1. Swift/SwiftUI Architecture Recommendations
Platform Choice: Native iOS ✅
Why Native:
- Best performance for data-heavy CRM
- Full access to iOS features (biometrics, contacts, notifications)
- SwiftUI is mature and production-ready (iOS 16+)
- Offline-first capabilities easier to implement
- Better for sensitive data handling
Why NOT Cross-Platform:
- Single platform requirement (iOS first)

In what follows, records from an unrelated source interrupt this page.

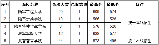注:1.军队、公安高校录取是从面试、军检、体能测试、政审合格的生源中按考生志愿从高分到低分投档,高校择优录取。
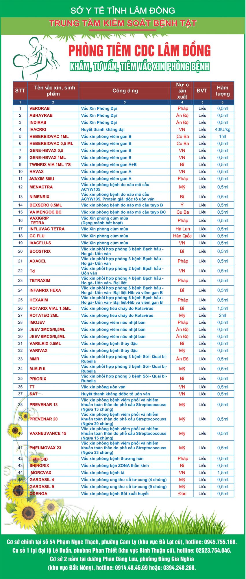 Hãy liên hệ với Phòng tiêm chủng Trung tâm Kiểm soát bệnh tật Lâm Đồng cơ sở gần nhất để được tư vấn và lịch tiêm chủng phù hợp!!!
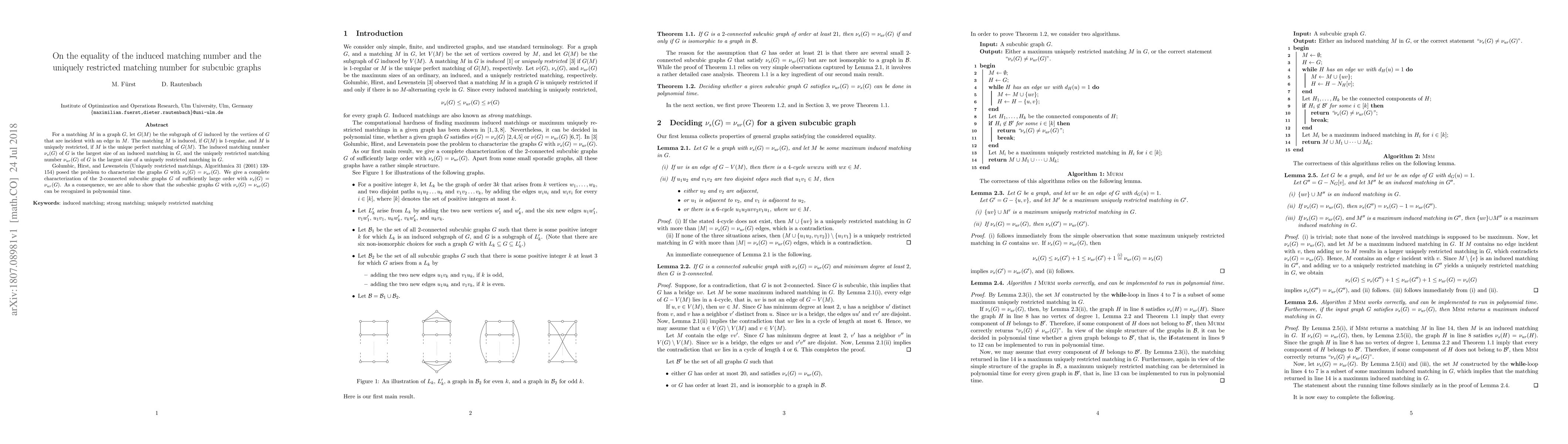 This paper characterizes 2-connected subcubic graphs where the induced matching number equals the uniquely restricted matching number, proving that such graphs can be recognized in polynomial time. It resolves a problem posed by Golumbic, Hirst, and Lewenstein regarding the equality of these two matching numbers.
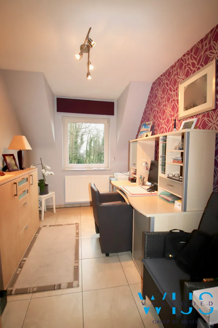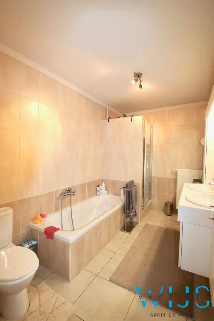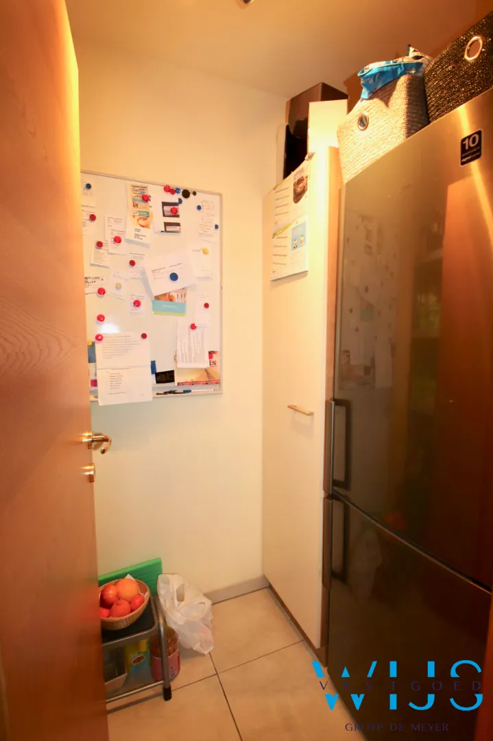 Indeling: inkomhal, bureauruimte, 2 volwaardige slaapkamers, badkamer met toilet, bad, docuhe & dubbele lavabo, ruime lichtrijke leefruimte met zonneterras, nette keuken met keukenberging en de wasplaats.
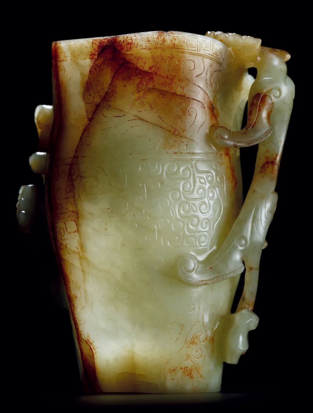 参阅:故宫藏青玉四耳活环夔纹壶。
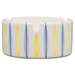 Fayence weiß gelbe Bänder und blaue Striche Glasur glänzend
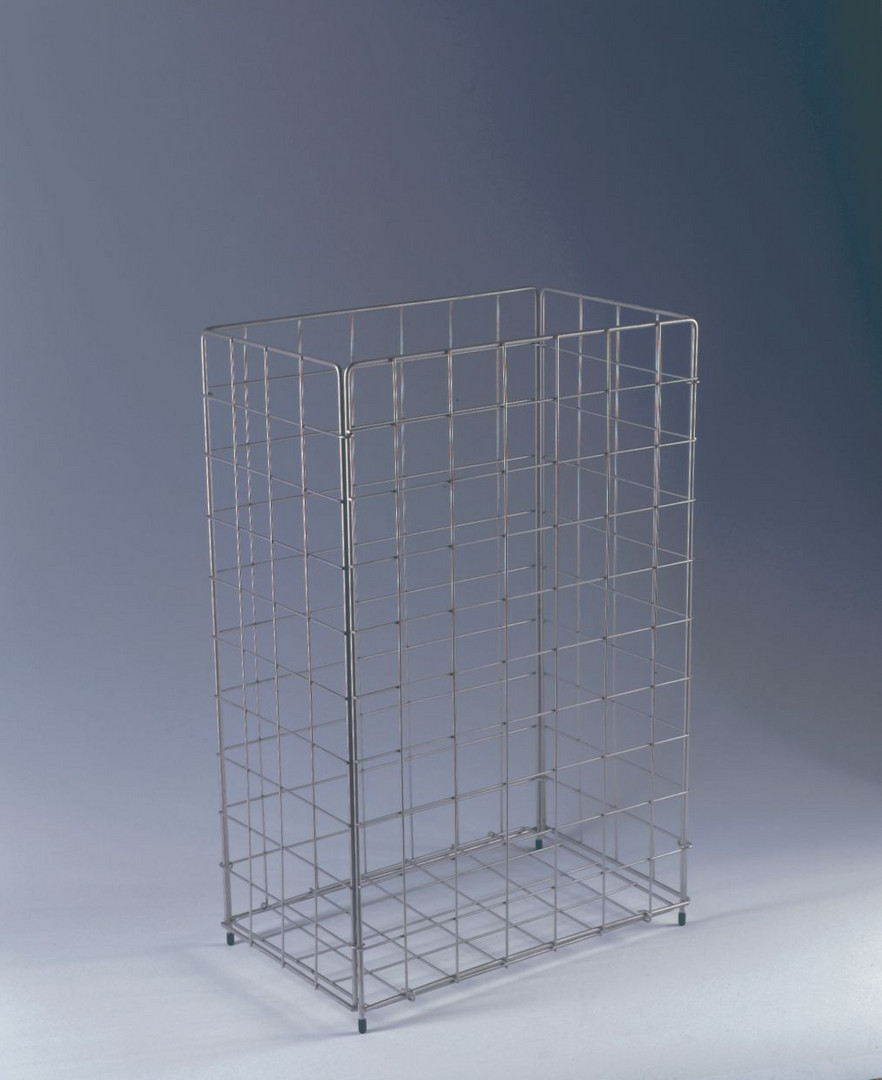Edelstahlgeflecht, stoß- und kratzfest mit großer Korböffnung, zusammenklappbar, 4x schwarze Kunststofffüße, Wandanbringung möglich

- Native gives compliance advantages
- No need to compromise on UX
Recommended Architecture: MVVM + Clean Architecture
┌─────────────────────────────────────────────────────┐
│ Presentation │
│ ┌─────────────┐ ┌─────────────┐ ┌─────────────┐ │
│ │ Views │ │ ViewModels │ │ Router │ │
│ │ (SwiftUI) │ │ (ObsObj) │ │ (Coordinat) │ │
│ └─────────────┘ └─────────────┘ └─────────────┘ │
├─────────────────────────────────────────────────────┤
│ Domain │
│ ┌─────────────┐ ┌─────────────┐ ┌─────────────┐ │
│ │ Use Cases │ │ Entities │ │ Repositories│ │
│ │ │ │ (Models) │ │ (Protocols) │ │
│ └─────────────┘ └─────────────┘ └─────────────┘ │
├─────────────────────────────────────────────────────┤
│ Data │
│ ┌─────────────┐ ┌─────────────┐ ┌─────────────┐ │
│ │ Firebase │ │ Claude │ │ Local │ │
│ │ Service │ │ Service │ │ Cache │ │
│ └─────────────┘ └─────────────┘ └─────────────┘ │
└─────────────────────────────────────────────────────┘
Key SwiftUI Patterns
- State Management: Combine + ObservableObject
- Navigation: NavigationStack (iOS 16+)
- Data Flow: Single source of truth in ViewModels
- Dependency Injection: Protocol-based for testability
iOS Version Target
- Minimum: iOS 16.0
- Reason: NavigationStack, modern SwiftUI features
- Coverage: ~95% of active iPhones
2. Firebase Structure for Client Data
Why Firebase ✅
Advantages:
- Real-time sync built-in
- Offline persistence automatic
- Authentication included
- Cloud Functions for backend logic
- Good security rules system
- Scales automatically
Considerations:
- NoSQL requires careful data modeling
- Compliance certifications available (SOC 2, ISO 27001)
- Data residency options exist
Firestore Data Model
users/
{userId}/
profile: { name, email, settings }
subscription: { tier, expires }
clients/
{clientId}/
userId: string (owner reference)
basic: {
firstName, lastName, email, phone
address: { street, city, state, zip }
}
professional: {
company, role, industry
}
personal: {
birthday, anniversary
interests: []
family: { spouse, children: [] }
preferences: {}
}
notes: [] // Array of timestamped notes
tags: []
matchPreferences: {
excludeFromMatching: boolean
excludeClientIds: []
}
metadata: {
createdAt, updatedAt, lastContactedAt
}
communications/
{communicationId}/
userId: string
clientId: string
type: "email" | "newsletter" | "birthday"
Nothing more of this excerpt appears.